* What the task asks *
Within the material below, locate the line with "图1. (a-e)沸石保护层" and the line with "Den har en indsats", then return those two lines and all lines between them, exactly as written.

* Data excerpts *

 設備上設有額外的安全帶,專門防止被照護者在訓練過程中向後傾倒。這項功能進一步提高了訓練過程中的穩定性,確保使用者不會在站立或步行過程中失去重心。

--

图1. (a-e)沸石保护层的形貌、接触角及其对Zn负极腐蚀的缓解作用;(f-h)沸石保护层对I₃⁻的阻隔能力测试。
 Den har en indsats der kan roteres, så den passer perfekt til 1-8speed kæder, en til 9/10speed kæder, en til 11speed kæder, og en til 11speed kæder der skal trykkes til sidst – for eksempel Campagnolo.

--

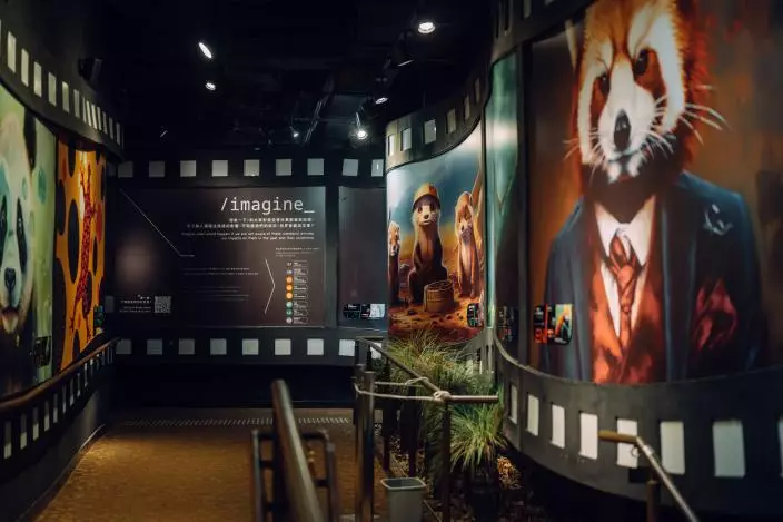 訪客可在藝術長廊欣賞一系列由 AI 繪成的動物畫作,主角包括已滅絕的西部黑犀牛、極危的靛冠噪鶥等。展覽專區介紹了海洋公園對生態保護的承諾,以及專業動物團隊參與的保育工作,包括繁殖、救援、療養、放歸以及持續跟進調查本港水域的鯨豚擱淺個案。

* Output of the exercise *
图1. (a-e)沸石保护层的形貌、接触角及其对Zn负极腐蚀的缓解作用;(f-h)沸石保护层对I₃⁻的阻隔能力测试。
 Den har en indsats der kan roteres, så den passer perfekt til 1-8speed kæder, en til 9/10speed kæder, en til 11speed kæder, og en til 11speed kæder der skal trykkes til sidst – for eksempel Campagnolo.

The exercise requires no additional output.